Data supplied:
——————————
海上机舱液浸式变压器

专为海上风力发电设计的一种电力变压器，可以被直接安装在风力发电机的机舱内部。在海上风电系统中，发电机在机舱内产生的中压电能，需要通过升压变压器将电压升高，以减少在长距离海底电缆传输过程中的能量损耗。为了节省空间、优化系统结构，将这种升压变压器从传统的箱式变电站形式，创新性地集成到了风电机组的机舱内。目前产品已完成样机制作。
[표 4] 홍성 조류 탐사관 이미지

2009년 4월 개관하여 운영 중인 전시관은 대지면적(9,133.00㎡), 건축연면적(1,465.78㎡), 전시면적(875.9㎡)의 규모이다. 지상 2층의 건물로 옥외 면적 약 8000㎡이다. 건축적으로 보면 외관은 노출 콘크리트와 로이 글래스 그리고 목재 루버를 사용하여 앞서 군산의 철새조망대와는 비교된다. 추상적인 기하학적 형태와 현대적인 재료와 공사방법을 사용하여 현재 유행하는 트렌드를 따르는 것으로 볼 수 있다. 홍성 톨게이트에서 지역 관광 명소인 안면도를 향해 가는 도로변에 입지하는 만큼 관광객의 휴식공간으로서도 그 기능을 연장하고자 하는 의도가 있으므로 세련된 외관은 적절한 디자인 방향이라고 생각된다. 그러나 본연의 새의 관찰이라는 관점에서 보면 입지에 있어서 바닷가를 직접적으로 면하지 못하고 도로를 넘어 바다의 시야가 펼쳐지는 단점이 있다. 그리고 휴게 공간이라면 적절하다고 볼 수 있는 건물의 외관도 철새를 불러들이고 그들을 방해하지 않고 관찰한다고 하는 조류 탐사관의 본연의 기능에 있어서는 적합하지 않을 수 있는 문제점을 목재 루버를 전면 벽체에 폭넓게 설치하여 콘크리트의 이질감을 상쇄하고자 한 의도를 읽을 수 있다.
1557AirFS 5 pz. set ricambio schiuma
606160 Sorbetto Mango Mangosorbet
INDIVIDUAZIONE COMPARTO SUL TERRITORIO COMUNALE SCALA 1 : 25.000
——————————
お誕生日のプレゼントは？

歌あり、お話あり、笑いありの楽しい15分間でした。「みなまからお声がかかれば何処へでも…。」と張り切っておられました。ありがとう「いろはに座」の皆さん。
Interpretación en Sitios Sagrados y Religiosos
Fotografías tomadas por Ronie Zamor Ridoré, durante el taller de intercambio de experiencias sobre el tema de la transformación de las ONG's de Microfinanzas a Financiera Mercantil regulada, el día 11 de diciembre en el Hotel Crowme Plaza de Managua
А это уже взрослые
——————————
Your goal:
From the entries above, give again exactly the lines running from the line with "歌あり、お話あり、笑いありの" to the line with "А это уже взрослые"; include both of those lines.

Finished task:
歌あり、お話あり、笑いありの楽しい15分間でした。「みなまからお声がかかれば何処へでも…。」と張り切っておられました。ありがとう「いろはに座」の皆さん。
Interpretación en Sitios Sagrados y Religiosos
Fotografías tomadas por Ronie Zamor Ridoré, durante el taller de intercambio de experiencias sobre el tema de la transformación de las ONG's de Microfinanzas a Financiera Mercantil regulada, el día 11 de diciembre en el Hotel Crowme Plaza de Managua
А это уже взрослые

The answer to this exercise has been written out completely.